**YOUR TASK:**
Up to and including the line that contains "Pantalón de tiro", repeat the entries below exactly from the first line on. Do not carry over any pictures.

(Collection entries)

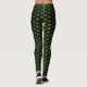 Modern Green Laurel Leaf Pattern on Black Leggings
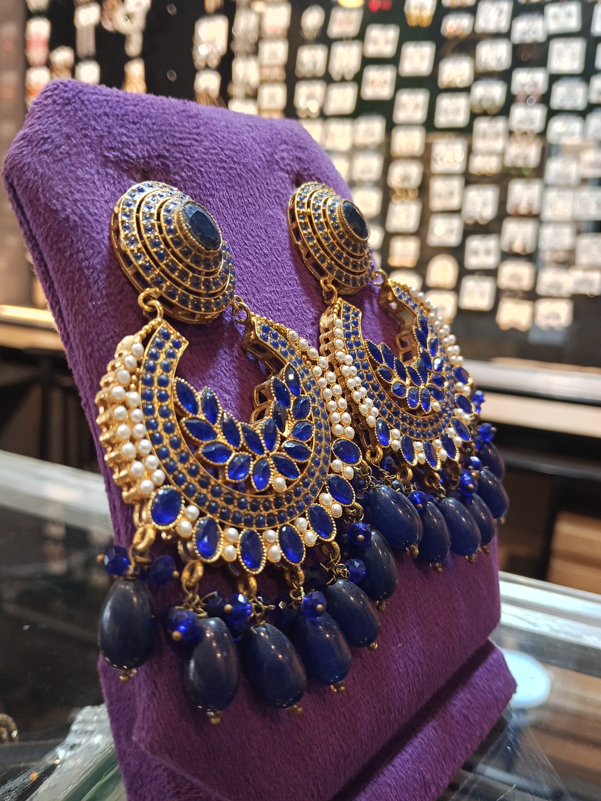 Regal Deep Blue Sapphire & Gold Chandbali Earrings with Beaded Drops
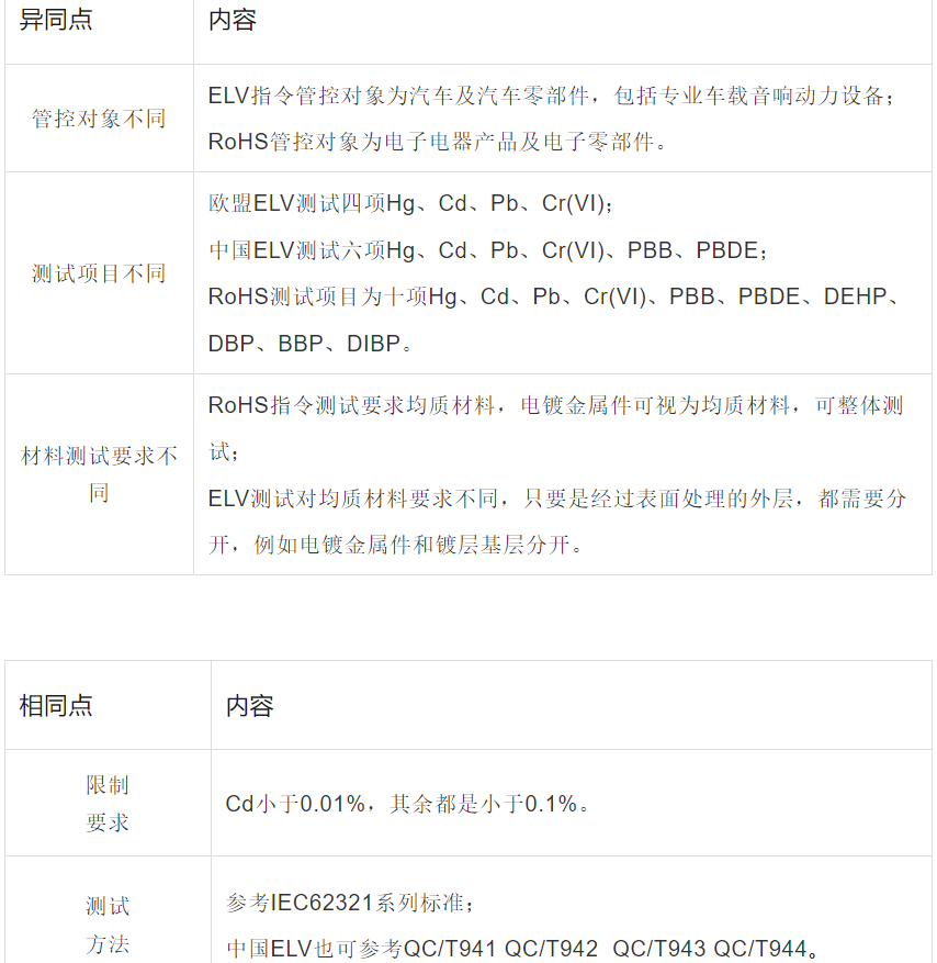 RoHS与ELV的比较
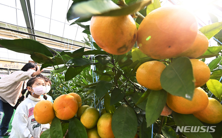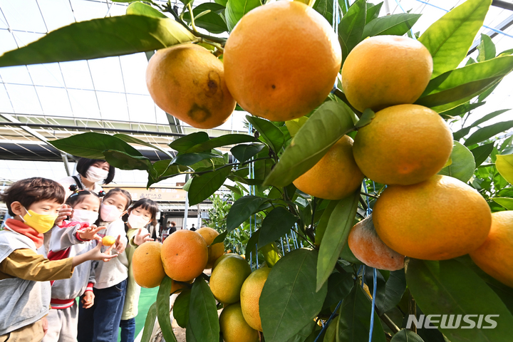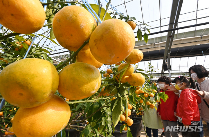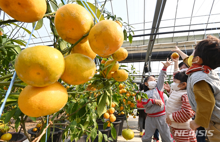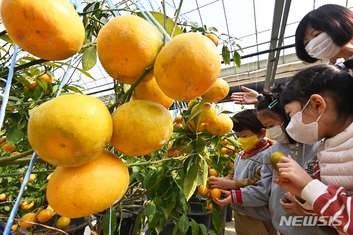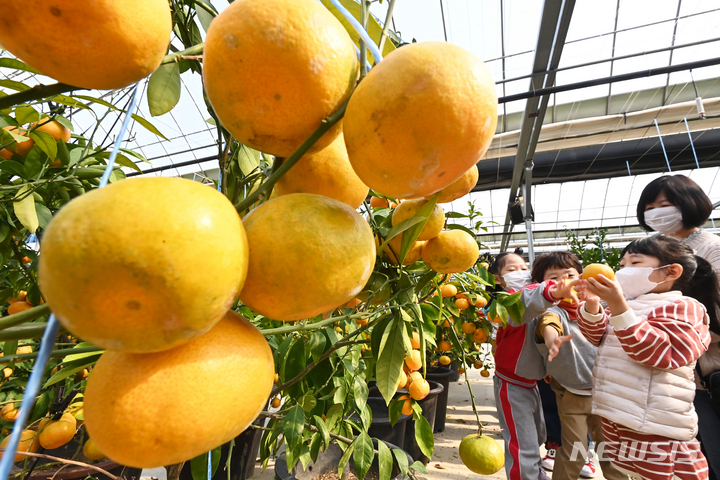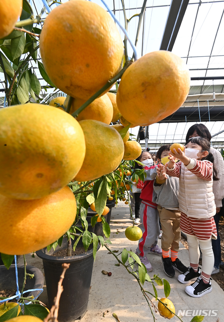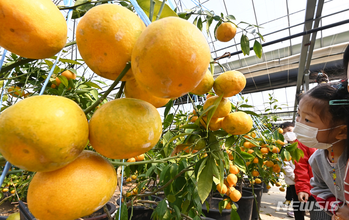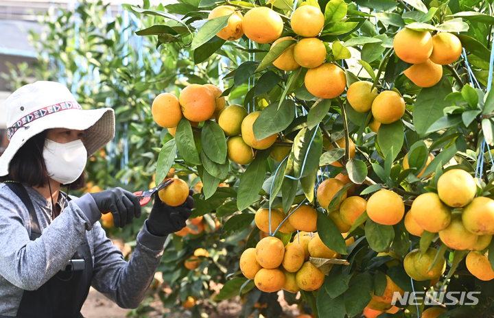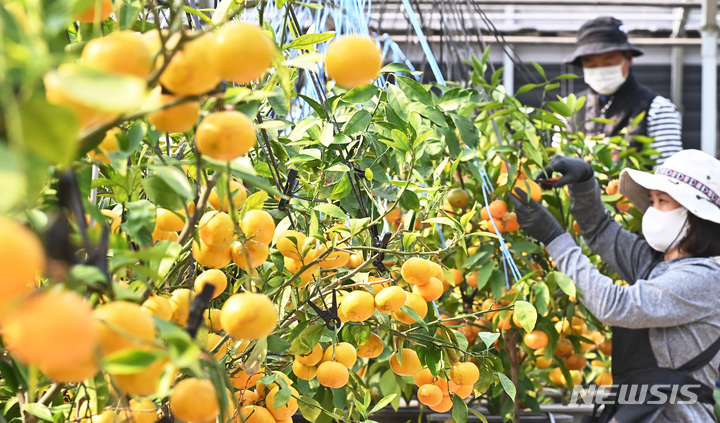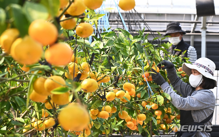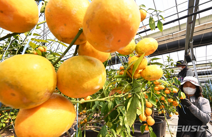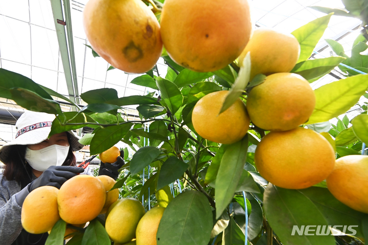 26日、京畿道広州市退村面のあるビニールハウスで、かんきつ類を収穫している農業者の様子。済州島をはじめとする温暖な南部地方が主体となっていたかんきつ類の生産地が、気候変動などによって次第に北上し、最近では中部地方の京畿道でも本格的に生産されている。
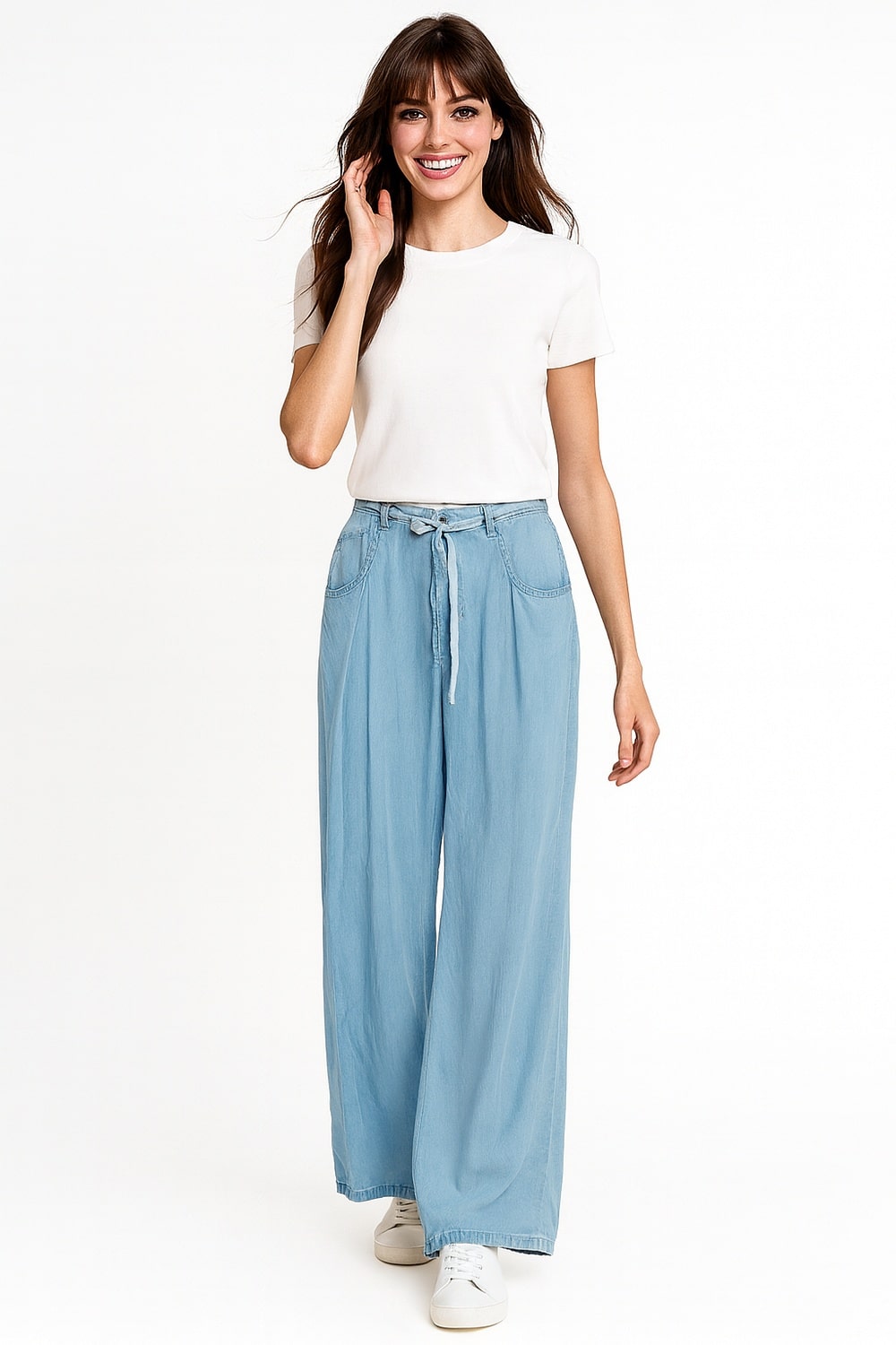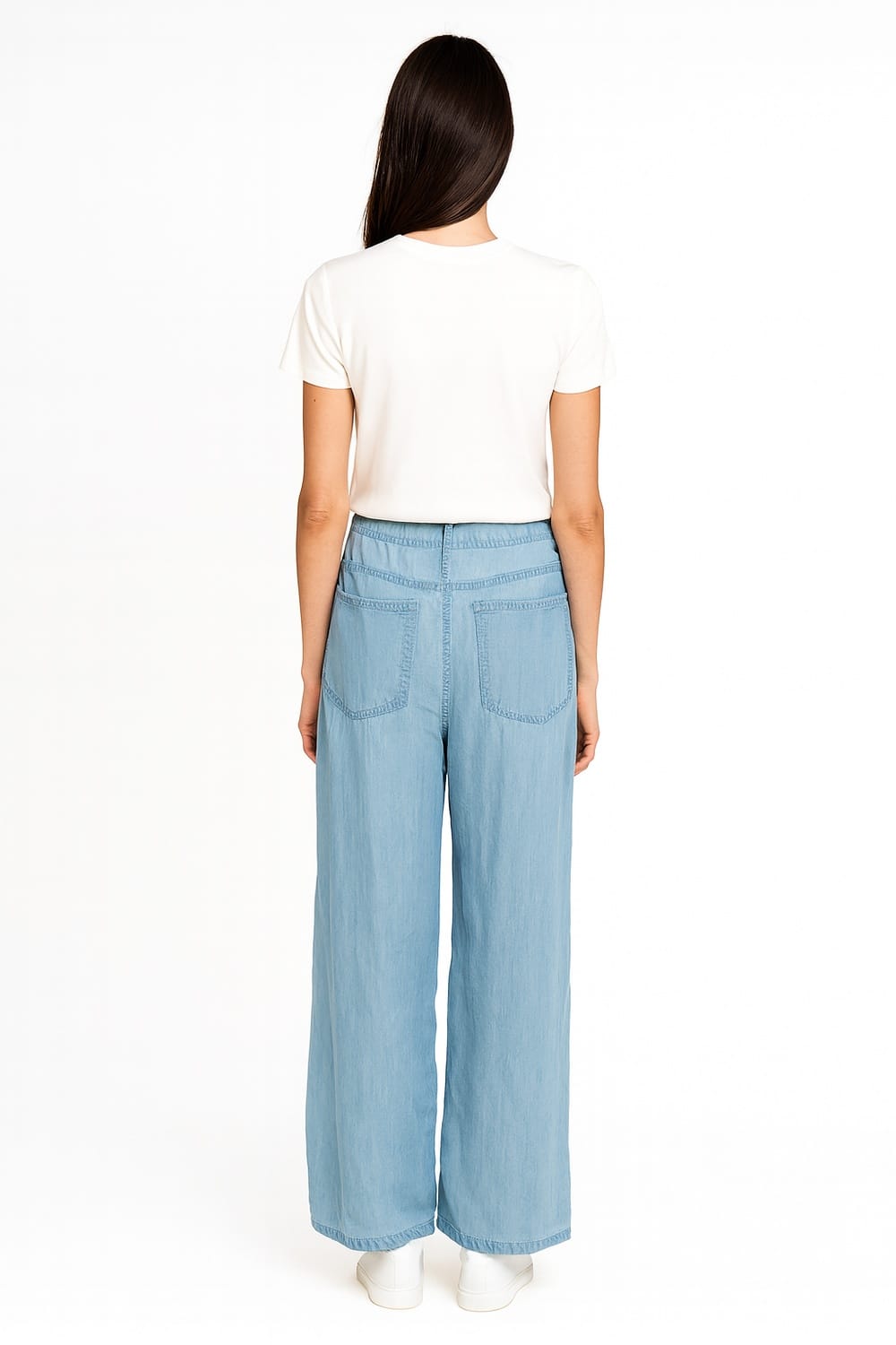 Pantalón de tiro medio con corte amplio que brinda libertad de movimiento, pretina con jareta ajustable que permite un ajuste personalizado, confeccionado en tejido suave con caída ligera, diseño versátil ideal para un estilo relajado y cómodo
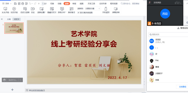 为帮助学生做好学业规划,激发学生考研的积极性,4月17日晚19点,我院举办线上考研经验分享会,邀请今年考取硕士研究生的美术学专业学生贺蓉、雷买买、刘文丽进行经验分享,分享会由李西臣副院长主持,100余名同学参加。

**OUTPUT BELOW:**
 Modern Green Laurel Leaf Pattern on Black Leggings
 Regal Deep Blue Sapphire & Gold Chandbali Earrings with Beaded Drops
 RoHS与ELV的比较
 26日、京畿道広州市退村面のあるビニールハウスで、かんきつ類を収穫している農業者の様子。済州島をはじめとする温暖な南部地方が主体となっていたかんきつ類の生産地が、気候変動などによって次第に北上し、最近では中部地方の京畿道でも本格的に生産されている。
 Pantalón de tiro medio con corte amplio que brinda libertad de movimiento, pretina con jareta ajustable que permite un ajuste personalizado, confeccionado en tejido suave con caída ligera, diseño versátil ideal para un estilo relajado y cómodo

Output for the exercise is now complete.